* [DESCRIPTION OF THE TASK]: Write the entries out again in full and unchanged, dropping every image.

* [DATA UNDER STUDY]:
........

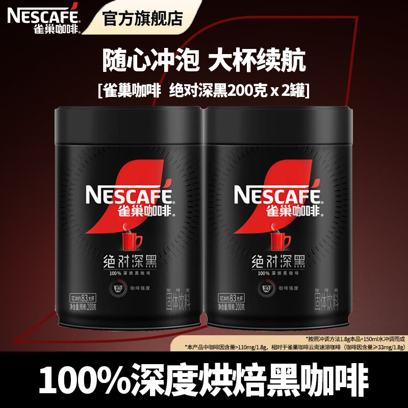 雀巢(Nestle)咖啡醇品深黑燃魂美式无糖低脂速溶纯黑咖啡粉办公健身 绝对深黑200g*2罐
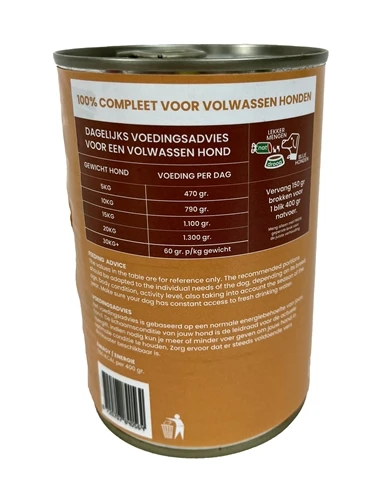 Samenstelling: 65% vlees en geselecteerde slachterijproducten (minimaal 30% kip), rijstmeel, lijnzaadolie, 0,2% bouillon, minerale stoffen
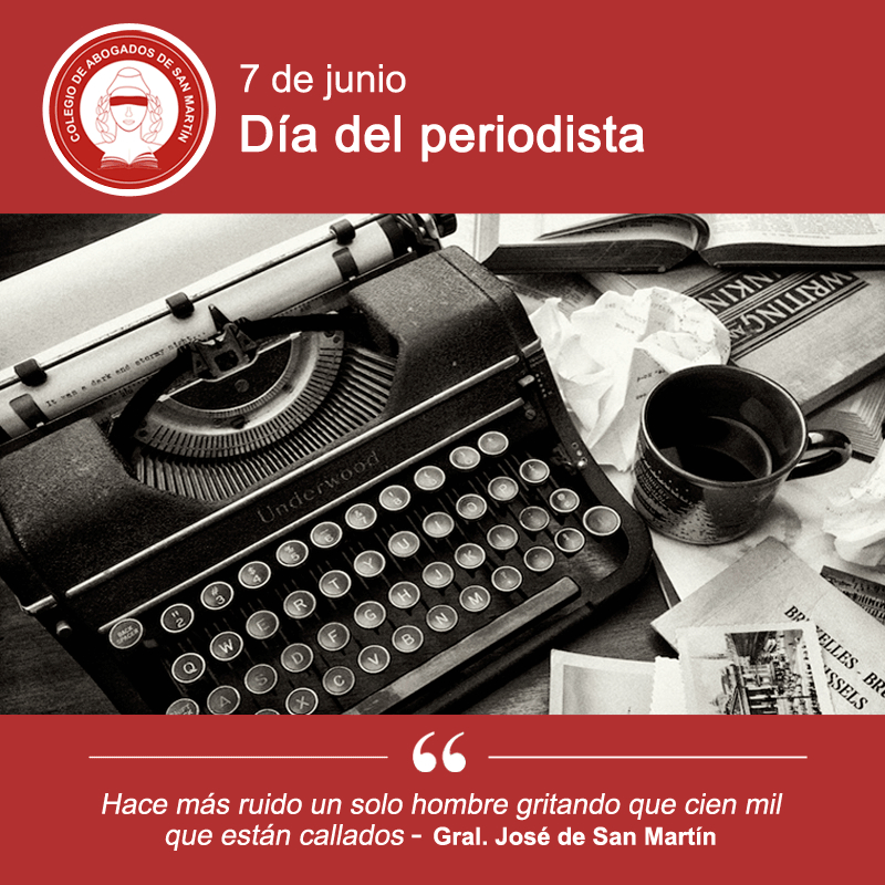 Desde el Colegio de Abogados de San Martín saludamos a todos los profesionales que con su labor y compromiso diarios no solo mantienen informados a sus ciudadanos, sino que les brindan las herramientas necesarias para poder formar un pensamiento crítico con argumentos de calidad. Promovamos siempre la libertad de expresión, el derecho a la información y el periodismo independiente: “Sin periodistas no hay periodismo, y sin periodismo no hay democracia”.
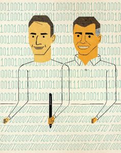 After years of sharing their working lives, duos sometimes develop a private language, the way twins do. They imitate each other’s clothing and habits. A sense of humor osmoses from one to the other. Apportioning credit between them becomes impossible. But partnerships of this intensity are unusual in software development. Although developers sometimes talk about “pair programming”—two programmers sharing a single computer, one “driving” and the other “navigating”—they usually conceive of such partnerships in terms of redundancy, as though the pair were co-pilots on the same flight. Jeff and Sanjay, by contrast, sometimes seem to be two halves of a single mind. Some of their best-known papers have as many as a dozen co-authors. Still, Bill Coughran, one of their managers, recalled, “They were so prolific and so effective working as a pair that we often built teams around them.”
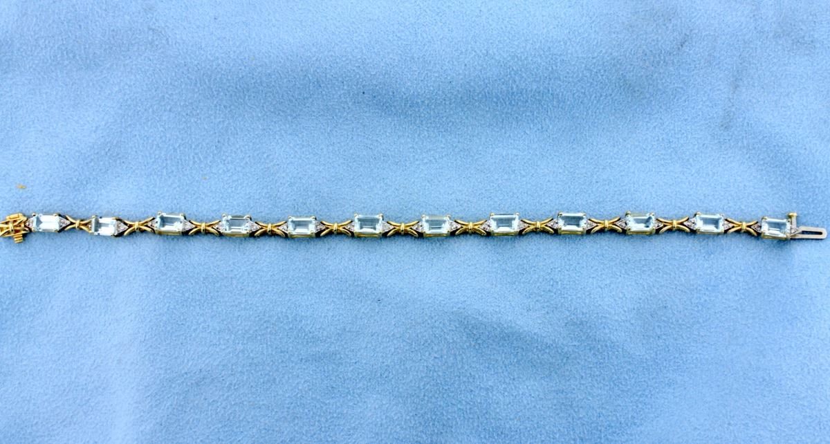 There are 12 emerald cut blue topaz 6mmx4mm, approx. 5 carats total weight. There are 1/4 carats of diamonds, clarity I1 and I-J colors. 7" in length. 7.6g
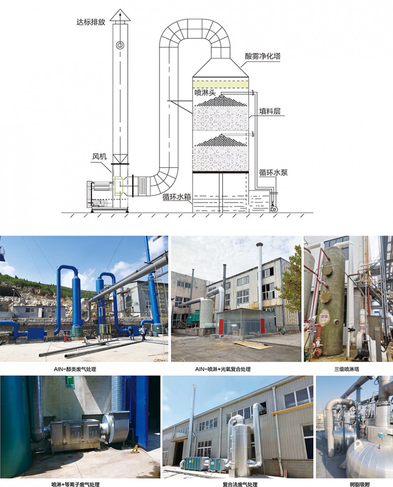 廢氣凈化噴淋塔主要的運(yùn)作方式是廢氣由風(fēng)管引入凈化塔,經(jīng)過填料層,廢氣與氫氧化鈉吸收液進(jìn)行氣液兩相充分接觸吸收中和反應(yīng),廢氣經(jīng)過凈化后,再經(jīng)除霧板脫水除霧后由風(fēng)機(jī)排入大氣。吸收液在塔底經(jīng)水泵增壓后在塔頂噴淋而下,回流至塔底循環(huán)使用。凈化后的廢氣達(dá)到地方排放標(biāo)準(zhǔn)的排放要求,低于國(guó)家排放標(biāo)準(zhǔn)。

........

* [RESPONSE AREA]:
 雀巢(Nestle)咖啡醇品深黑燃魂美式无糖低脂速溶纯黑咖啡粉办公健身 绝对深黑200g*2罐
 Samenstelling: 65% vlees en geselecteerde slachterijproducten (minimaal 30% kip), rijstmeel, lijnzaadolie, 0,2% bouillon, minerale stoffen
 Desde el Colegio de Abogados de San Martín saludamos a todos los profesionales que con su labor y compromiso diarios no solo mantienen informados a sus ciudadanos, sino que les brindan las herramientas necesarias para poder formar un pensamiento crítico con argumentos de calidad. Promovamos siempre la libertad de expresión, el derecho a la información y el periodismo independiente: “Sin periodistas no hay periodismo, y sin periodismo no hay democracia”.
 After years of sharing their working lives, duos sometimes develop a private language, the way twins do. They imitate each other’s clothing and habits. A sense of humor osmoses from one to the other. Apportioning credit between them becomes impossible. But partnerships of this intensity are unusual in software development. Although developers sometimes talk about “pair programming”—two programmers sharing a single computer, one “driving” and the other “navigating”—they usually conceive of such partnerships in terms of redundancy, as though the pair were co-pilots on the same flight. Jeff and Sanjay, by contrast, sometimes seem to be two halves of a single mind. Some of their best-known papers have as many as a dozen co-authors. Still, Bill Coughran, one of their managers, recalled, “They were so prolific and so effective working as a pair that we often built teams around them.”
 There are 12 emerald cut blue topaz 6mmx4mm, approx. 5 carats total weight. There are 1/4 carats of diamonds, clarity I1 and I-J colors. 7" in length. 7.6g
 廢氣凈化噴淋塔主要的運(yùn)作方式是廢氣由風(fēng)管引入凈化塔,經(jīng)過填料層,廢氣與氫氧化鈉吸收液進(jìn)行氣液兩相充分接觸吸收中和反應(yīng),廢氣經(jīng)過凈化后,再經(jīng)除霧板脫水除霧后由風(fēng)機(jī)排入大氣。吸收液在塔底經(jīng)水泵增壓后在塔頂噴淋而下,回流至塔底循環(huán)使用。凈化后的廢氣達(dá)到地方排放標(biāo)準(zhǔn)的排放要求,低于國(guó)家排放標(biāo)準(zhǔn)。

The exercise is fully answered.